__WORK TASK__
For the entries below, state how many lines contain the word "that" and add nothing else.

__EXCERPTED DATA__
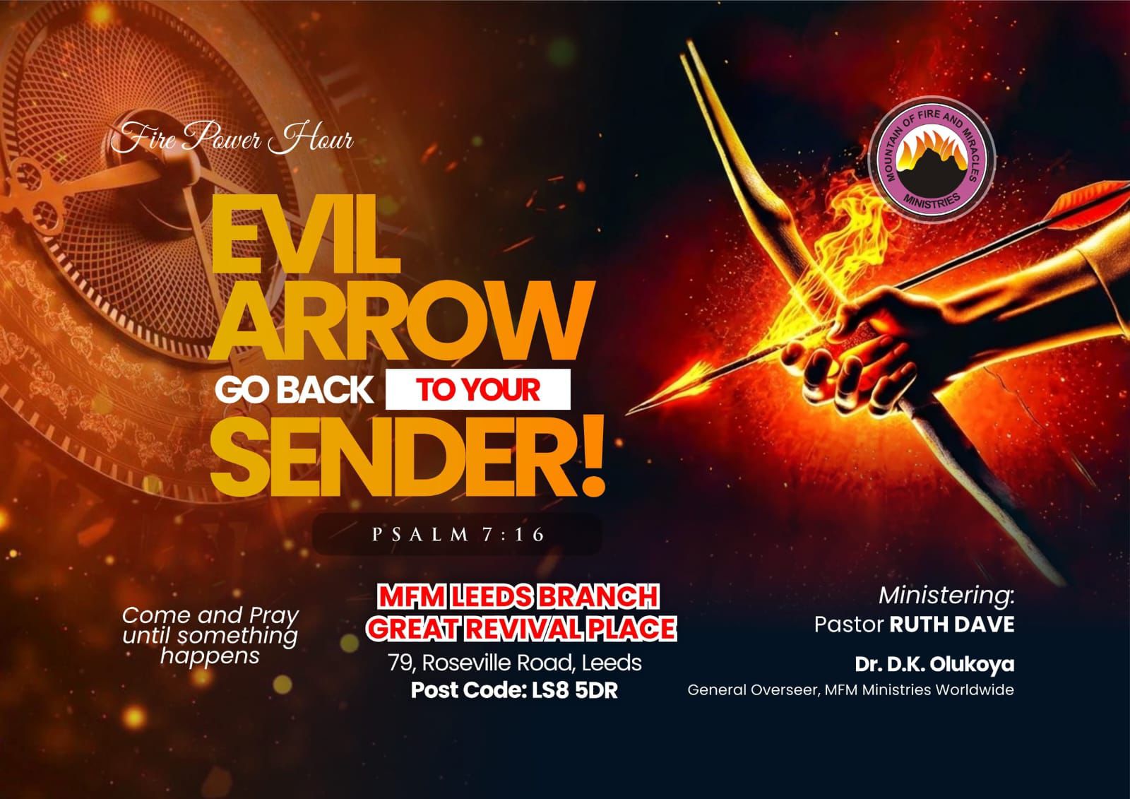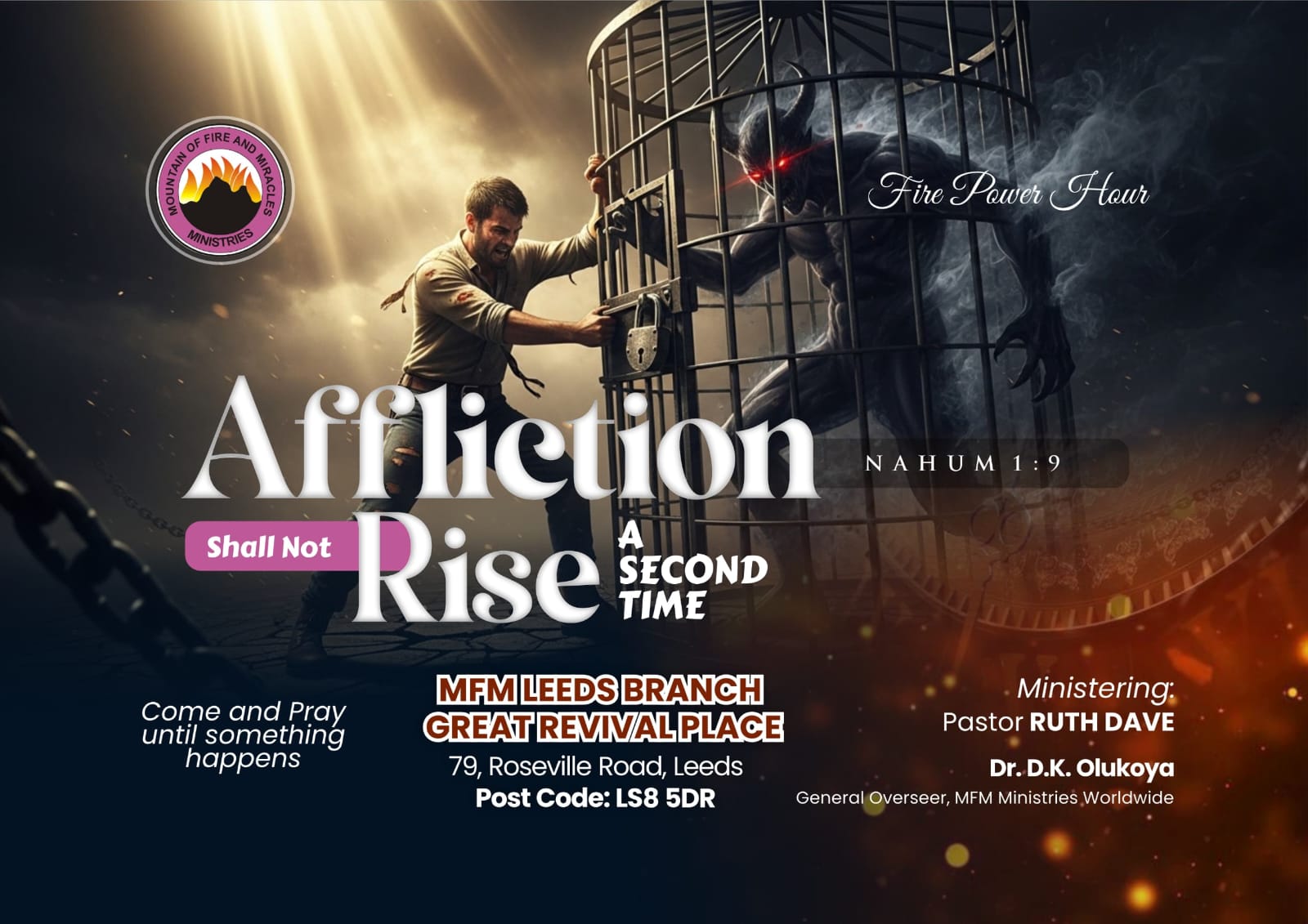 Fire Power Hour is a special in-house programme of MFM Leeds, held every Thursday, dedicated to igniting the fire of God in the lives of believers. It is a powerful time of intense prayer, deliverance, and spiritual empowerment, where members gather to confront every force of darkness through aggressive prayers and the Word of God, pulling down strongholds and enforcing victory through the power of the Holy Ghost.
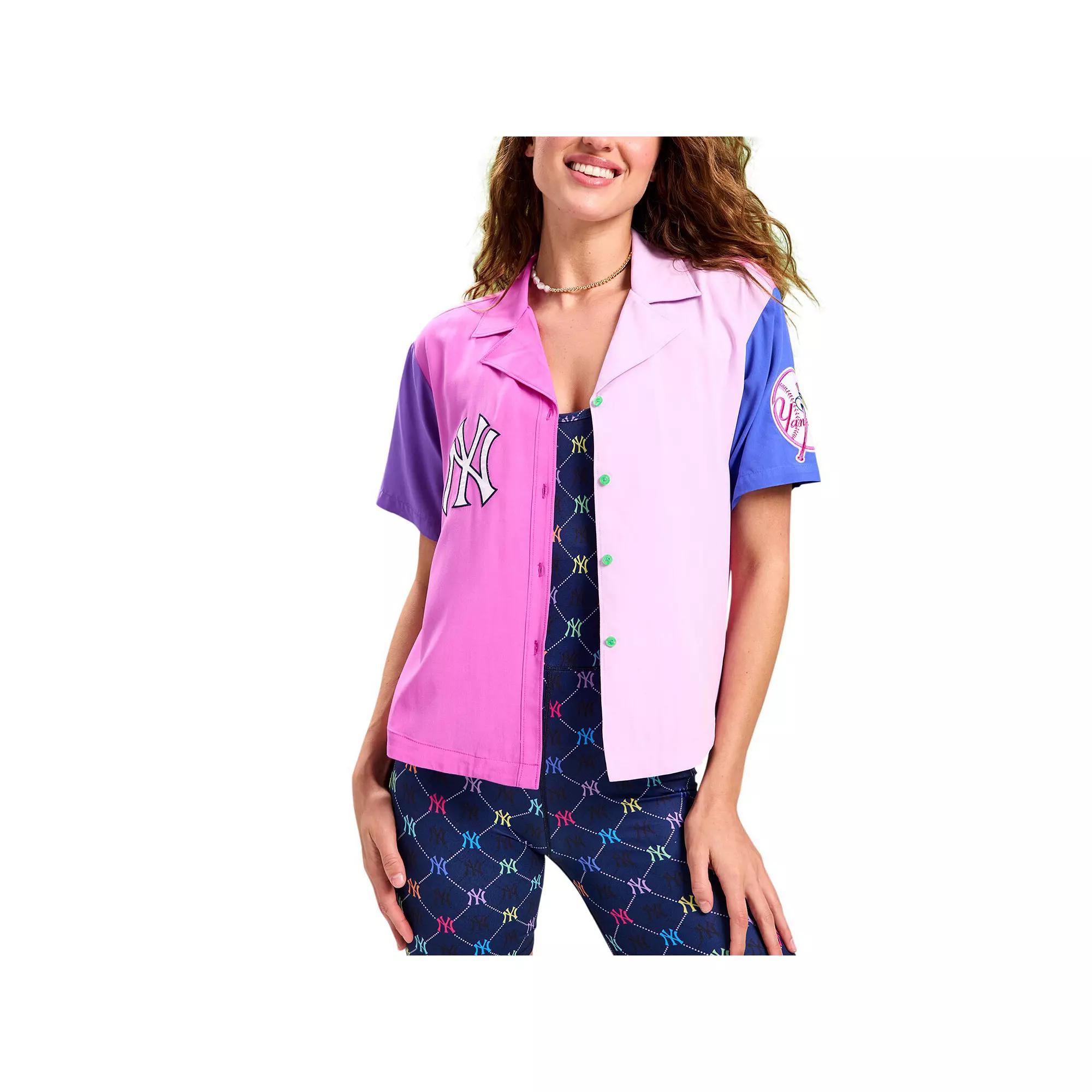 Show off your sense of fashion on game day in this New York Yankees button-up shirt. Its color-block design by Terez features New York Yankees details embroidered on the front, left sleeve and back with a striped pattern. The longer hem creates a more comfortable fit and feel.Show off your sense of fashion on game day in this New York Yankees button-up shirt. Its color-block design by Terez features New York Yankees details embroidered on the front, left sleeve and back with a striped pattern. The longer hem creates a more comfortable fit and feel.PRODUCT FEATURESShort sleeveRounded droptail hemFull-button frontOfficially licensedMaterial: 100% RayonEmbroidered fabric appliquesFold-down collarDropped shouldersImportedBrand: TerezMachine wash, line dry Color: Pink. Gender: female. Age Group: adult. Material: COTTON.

--

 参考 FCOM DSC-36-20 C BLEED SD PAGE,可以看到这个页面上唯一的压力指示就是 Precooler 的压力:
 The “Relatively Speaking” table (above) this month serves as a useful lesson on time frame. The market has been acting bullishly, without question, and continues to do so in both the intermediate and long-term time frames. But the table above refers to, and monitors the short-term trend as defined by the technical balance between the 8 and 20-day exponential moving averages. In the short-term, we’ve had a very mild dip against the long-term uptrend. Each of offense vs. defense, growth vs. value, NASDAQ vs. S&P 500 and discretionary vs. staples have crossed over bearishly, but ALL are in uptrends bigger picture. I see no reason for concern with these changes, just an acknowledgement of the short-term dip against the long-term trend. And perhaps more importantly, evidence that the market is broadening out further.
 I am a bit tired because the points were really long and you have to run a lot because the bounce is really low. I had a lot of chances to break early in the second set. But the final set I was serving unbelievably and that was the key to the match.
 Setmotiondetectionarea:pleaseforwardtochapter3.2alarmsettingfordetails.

__COMPLETED EXERCISE__
2